A novel algorithm for automated simultaneous exploration of datapath and Unrolling Factor (UF) during power–performance tradeoff in High Level Synthesis (HLS) using multi-dimensional particle swarm optimization (PSO) (termed as ‘M-PSO’) for control and data flow graphs (CDFGs) is presented. The major contributions of the proposed algorithm are as follows: (a) simultaneous exploration of datapath and loop UF through an integrated multi-dimensional particle encoding process using swarm intelligence; (b) an estimation model for computation of execution delay of a loop unrolled CDFG (based on a resource configuration visited) without requiring to tediously unroll the entire CDFG for the specified loop value in most cases; (c) balancing the tradeoff between power–performance metrics as well as control states and execution delay during loop unrolling; (d) sensitivity analysis of PSO parameter such as swarm size on the impact of exploration time and Quality of Results (QoR) of the proposed design space exploration (DSE) process. This analysis presented would assist the designer in pre-tuning the PSO parameters to an optimum value for achieving efficient exploration results within a quick runtime; (e) analysis of design metrics such as power, execution time and number of control steps of the global best particle found in every iteration with respect to increase/decrease in unrolling factor.

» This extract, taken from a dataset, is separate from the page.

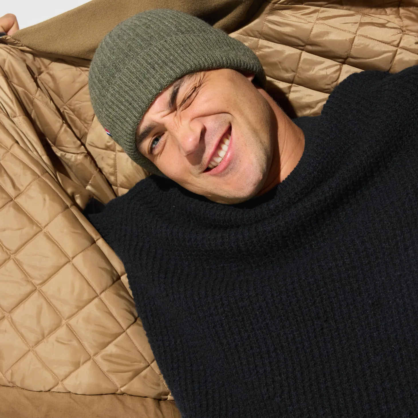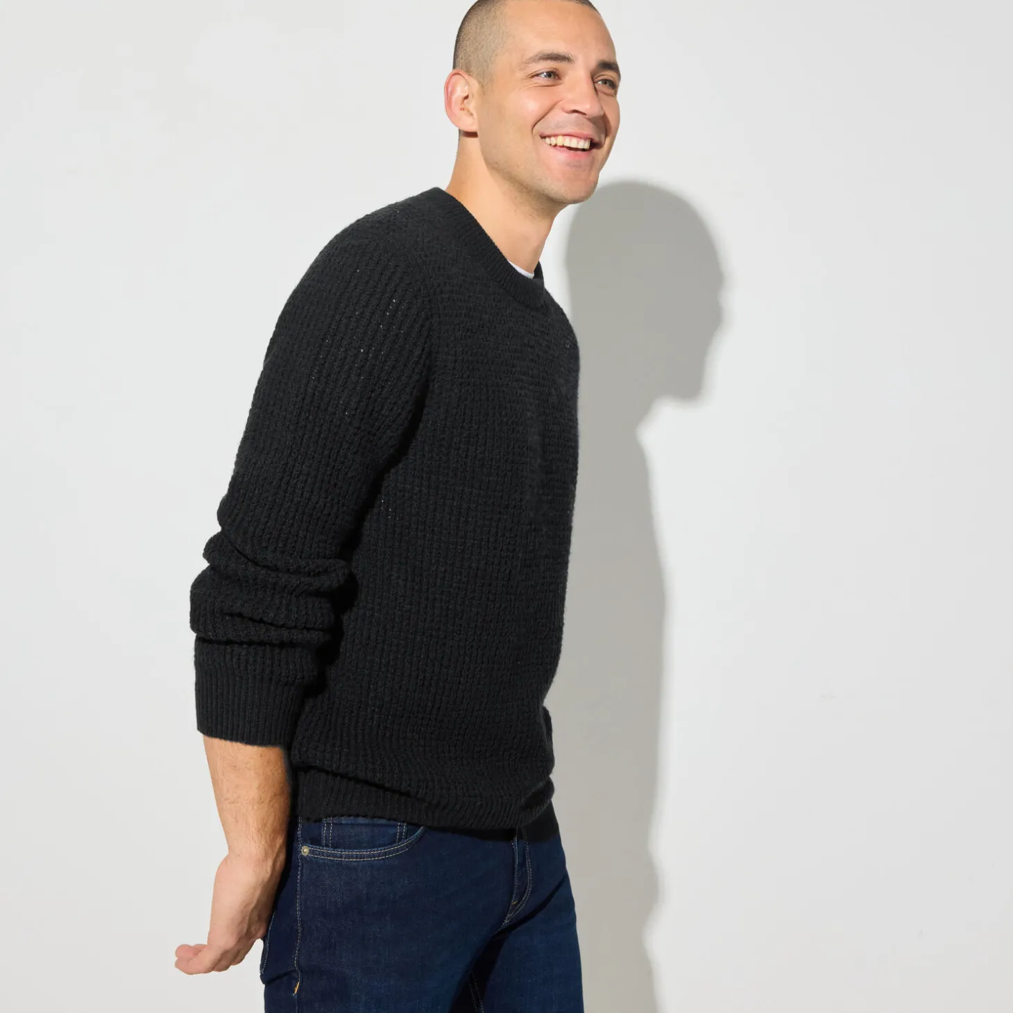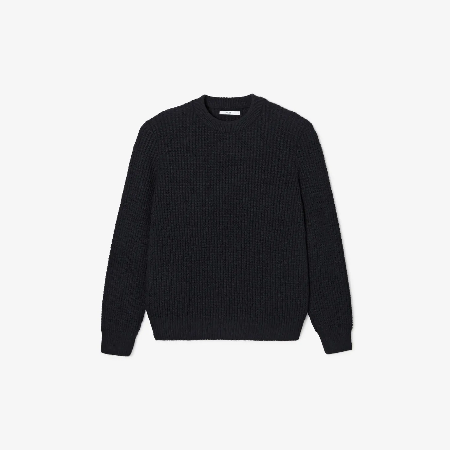 Deze trui met wafeltextuur past perfect bij een ruwe jeans voor een ontspannen look. Voor een meer geklede look kan je hem combineren met een chinobroek en derbies.

The proposed approach when tested on a variety of data flow graphs (DFGs) and CDFGs indicated an average improvement in QoR of >28% and reduction in runtime of >94% compared to recent works.
When digital systems are built, designers undergo numerous decision making steps at various levels of design abstraction (register transfer level, system/high level etc.) such as the type of architectural framework (datapath) required, exploring the best possible implementation alternative and managing hardware–software tradeoff. More formally, the above process is termed as design space exploration. Design space exploration when performed during high level synthesis becomes a non-trivial task as it involves multiple convoluted design decisions specially when simultaneously dealing with conflicting parameters such as power, area and performance. The above process becomes further intricate when an auxiliary variable called ‘loop unrolling factor’ joins the decision making process. Owing to the reasons above, architecture exploration suffers from exponential order of complexity with the increase in number of alternative solutions, thereby making it impossible to perform an exhaustive search (Coussy et al., 2009, Coussy and Morawiec, 2008, De Micheli, 1994, Gajski et al., 1992, Mohanty et al., 2008 and Zhang and Ng, 2000).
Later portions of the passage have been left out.